In a connected world, everything eventually gets connected, and the Internet of things is simply the binder that keeps these connections in place.
Over the last few years, there has been no shortage of hype about the Internet of things. Connected devices are the hot topic of discussion at conferences, in publications and in the news. Nevertheless, the IoT is rocketing into the business world and our lives. These devices—from activity trackers and door locks to beacons and RFID that monitor items as they pass through the supply chain—are emerging as the new normal.

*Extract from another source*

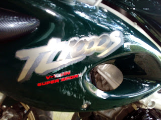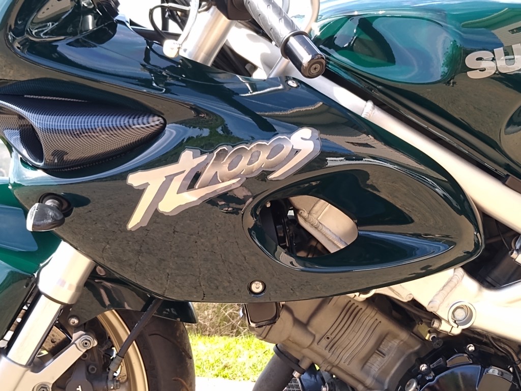 The work was superb. Without so much as a VIN number from me, Slig had matched the 1997 green exactly and covered the gold TL1000S decal in a clear coat of polyurethane so that it looked like new. It has taken me many months to find that original decal, with a friend in Japan trying to locate one there to no effect. I eventually found online what may well have been the last one in the world.

It's easy to focus on the Internet of things as an entity. But the reality is that it is nothing more than a wrapper for nearly all of today's IT. The common denominator is that in a connected world everything eventually gets connected. Right now, it's smartphones, sensors, beacons, RFID chips and various types of machines. Tomorrow, it's drones, 3D printing and next-generation robots that behave in a far more sophisticated and human-like manner.
In addition, expect almost every legacy machine and device to become part of the network—from vehicles to TV sets—and many physical objects to wind up with a sensor or RFID tag so they can become connected. This will generate data volumes that make today's repositories look downright quaint.
The result? "Everyone and everything becomes a data point. Context is everything," said Tony Fross, vice president of digital advisory services at Capgemini Consulting.
Within this rapidly emerging framework, concepts such as agile and DevOps move way beyond being good ideas. They become critical to success. In a real-time business environment, an inability to move quickly, decisively and iteratively is a ball and chain. An inability to innovate on a consistent and ongoing basis is a death knell.
The takeaway? CIOs and other IT leaders must begin to rethink their role and redefine their responsibilities. The IT department is no longer the center of the IT universe; it's just another satellite orbiting the sun. As organizations plug in cloud-based software, systems and databases—including infrastructure-as-a-service (IaaS) and platform-as-a-service (PaaS) offerings—and turn to APIs to connect everything, technology becomes less relevant than the functionality and data it delivers.
This, in turn, puts communication and collaboration under a microscope. It puts greater power in the hands of CMOs, CFOs, COOs, HR directors and others to make important tech-buying decisions. Yet, at the same time, this environment demands a level of strategic insight and oversight that must originate from the CIO’s office.